若槻慎二は昭和生命京都支社の査定主任である。保険金の支払いなど金の動きに直結しているだけに、トラブルや犯罪に巻き込まれることも多い。
なかには意図的に保険会社へクレームをつける客もいる。苦情は日常業務のうち、と言ってもよさそうだ。
その若槻へ指名で呼び出しがあった。菰田重徳という男だが、若槻にはその名前に心当たりがない。それでも無視するわけにいかず、嵐電で嵯峨まで出かけて行った。目指す家は、敷地は広いものの荒れ果てている。呼んでみたが返事がない。そこへ菰田が帰ってきて一緒に家へ入ったところが、菰田の息子・和也が首を吊って死んでいるのを発見する。
警察は、首に残った紐の痕から自殺と結論づけた。絞殺してから吊るした場合と首を吊って死んだ場合とでは首にできる傷痕がまったく違うらしい。
和也は500万円の死亡保険に加盟していた。
若槻は死体を発見したときの様子から、菰田による保険金殺人を疑う。保険金の支払いは本社扱いとなり、査定に時間がかかる。菰田は毎日支社に現れ、早期の支払いを請求する。

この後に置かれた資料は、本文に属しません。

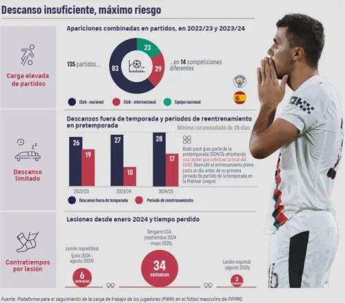 曼城中場羅德里的遭遇則勾勒出球員傷病的惡性循環(huán)。在2022-24兩個賽季中,他共出戰(zhàn)135場比賽,遠(yuǎn)超專家建議的年均55場的安全閾值。2024年歐洲杯決賽后,羅德里遭遇腘繩肌損傷,幾乎沒有休賽期便倉促回歸,完全沒有留出康復(fù)時間。幾周后,他的十字韌帶撕裂,不得不缺席235天比賽。
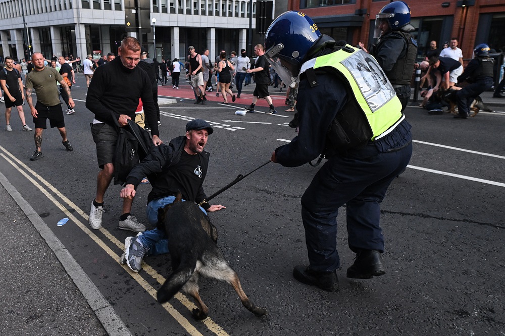 JUSTIN TALLIS/AFP Um cão policial morde um manifestante em Bristol, no sul da Inglaterra
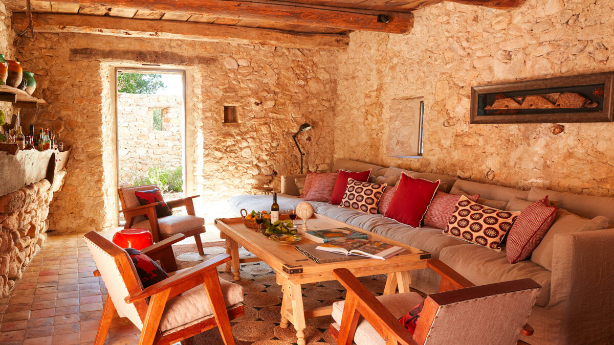 Vous pourrez également apprécier le salon, qui appellent à la simplicité et à la plénitude. Cette pièce est parfaite pour se retrouver autour d’un jeu de société ou pour prendre un verre avant le diner. Juste à côté, se trouve un autre petit salon vouté, avec des murs en enduits à la chaux couleur épeautre et un confortable canapé.
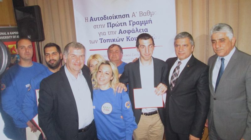 Η Εθελοντική Ομάδα του ΣΠΑΠ βραβεύθηκε από την Κεντρική Ένωση Δήμων Ελλάδας σε Εκδήλωση της ΚΕΔΕ και του Ινστιτούτου Τοπικής Αυτοδιοίκησης για την Παγκόσμια Ημέρα Πολιτικής Προστασίας, στη διάρκεια της οποίας παρουσιάστηκε ο Οδηγός Επιχειρησιακού Σχεδιασμού για τη Διαχείριση Κινδύνων σε επίπεδο Δήμων – Στρατηγικές Δράσεις της ΚΕΔΕ σε θέματα Πολιτικής Προστασίας.
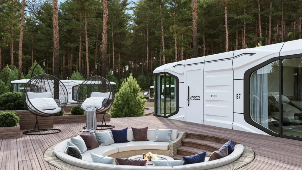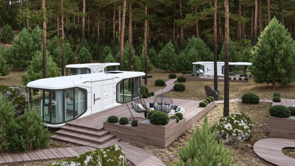 Of course, you won’t find a better view from your living space than what you get in the Massimo Modular Model E. You can escape to stunning 270-degree panoramic views through floor-to-ceiling windows, enjoy top-notch insulation, sleep under the stars or wake up to stunning sunrises, and recharge in pure natural surroundings.
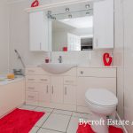 EN SUITE bath with mixer tap and shower attachment; vanity unit comprising wash hand basin with mixer tap, wc with concealed push button cistern and a range of cupboards and drawers with mirror over and two wall cabinets; chrome heated towel rail; frosted window; tiled flooring.
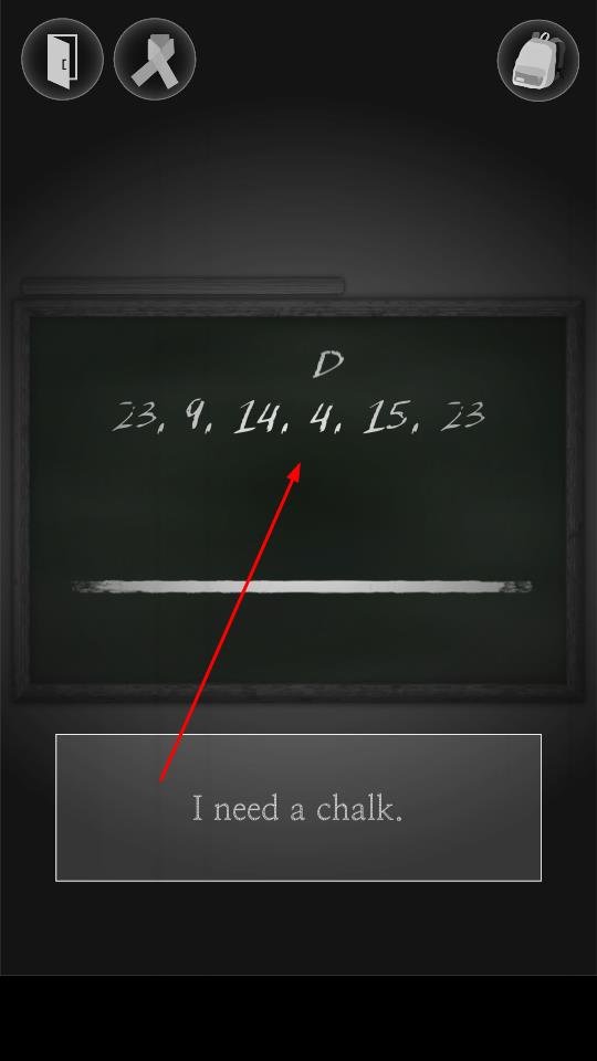 2、观察黑板数字23,9,14,4,15,23,按字母表顺序对应A=1,换算得W,I,N,D,O,W,结合下方I need a chalk提示,寻找粉笔道具破解谜题。

ようやく、保険金が支払われることになり、若槻は納得しがたい気持ちと同時に安堵感を取り戻すことができた。
ところが、これは事件の始まりで、これから戦慄のドラマが展開する。
さて、本書で興味をそそるのは、何と言っても保険業界の内幕である。保険金殺人はときとしてニュースになることがあるが、実際は詐取の目的が達成されてニュースにならないものもかなりあるのではないか、と思わせる。
生命保険は、業界の人に言わせれば安心を売っているということにもなろうが、その対象は“命”である。
してみれば、奇麗ごとだけでは済まされない。ましてや、モラルが崩壊していると言われている現代である。